Зверь вырывается вперёд!

 

СТАНИСЛАВА

 

17

Время замедлилось. Оно было как тягучая резинка. Даже скучно стало и хотелось подтолкнуть, чтобы всё забегало. Так – слишком непривычно… Зато удобно,  можно многое успеть.

С каждой секундой рыло синей иномарки становилось всё больше и больше. Стаська вытянула левую, раненную, руку и сильно толкнула Яську в сторону. Толчок тоже получился тягучим. Яська согнулся и медленно сделал несколько шагов влево. Там, в обычной жизни, он, наверное, эти шаги пробежал. А в этой – прямо как старичок горбатенький, еле полз. «Что ж ты!» – чуть не вскрикнула Стаська с досадой, что он такой неповоротливый. Но уже не успела. В это время как раз всё-всё перекрыло большое, синее и блестящее. Её вдруг сдавило, будто на грудь упала тысячетонная плита, а потом улица перевернулась. Стаська подавилась чем-то густым, сладким и жгучим, удивилась, хотела кашлянуть и выплюнуть этот непонятный сладко-солёный ком, но почему-то не получалось. А потом как-то сразу вокруг стало черно и холодно. И Стаськи не стало.
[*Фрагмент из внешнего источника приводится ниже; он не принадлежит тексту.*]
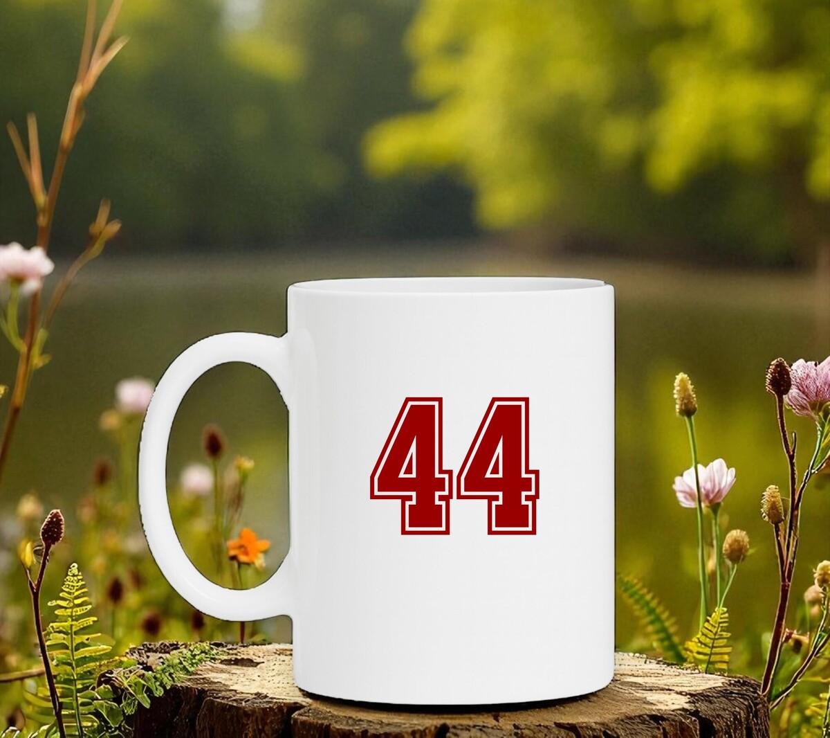 Mok wit met getal 44 als opdruk. De hoogte van de mok is 9cm en de opdruk is in de kleur robijnrood.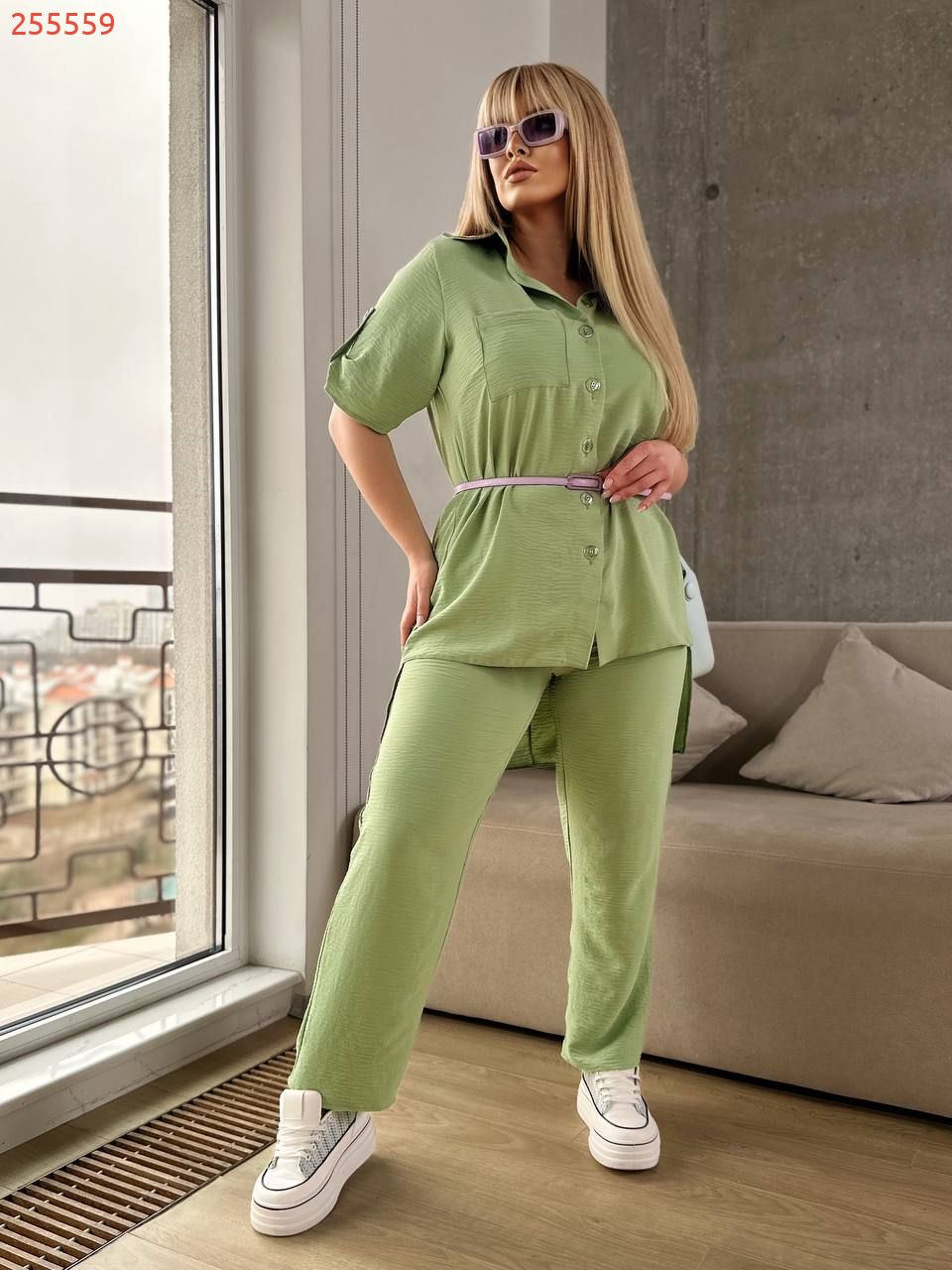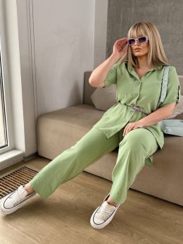 Костюм складається з штанів та сорочки. Штани мають прямий крій та комфортну посадку з гумкою на талії та манжетам. Сорочка вільного фасону з короткими рукавами та застібкою на гудзики. Стильний і сучасний комплект, що чудово підходить для повсякденного гардеробу.

Сущность, которую звали Станиславой, расплёскивало по созвездиям мириадами искр, её кружило и трясло в турбулентности космических вихрей, с огромной скоростью она проскакивала сквозь бесчисленные миры, и все они были ею и состояли из неё, хотя она была лишь неизмеримо малой их частью, и как таковой её уже и не было, и это была просто пыль мироздания, и было больно очень больно

 

I

Стоящие на остановке люди закричали. В этом возгласе ужаса был оттенок нездорового экстаза, что-то наподобие «Вау! Какое шоу!»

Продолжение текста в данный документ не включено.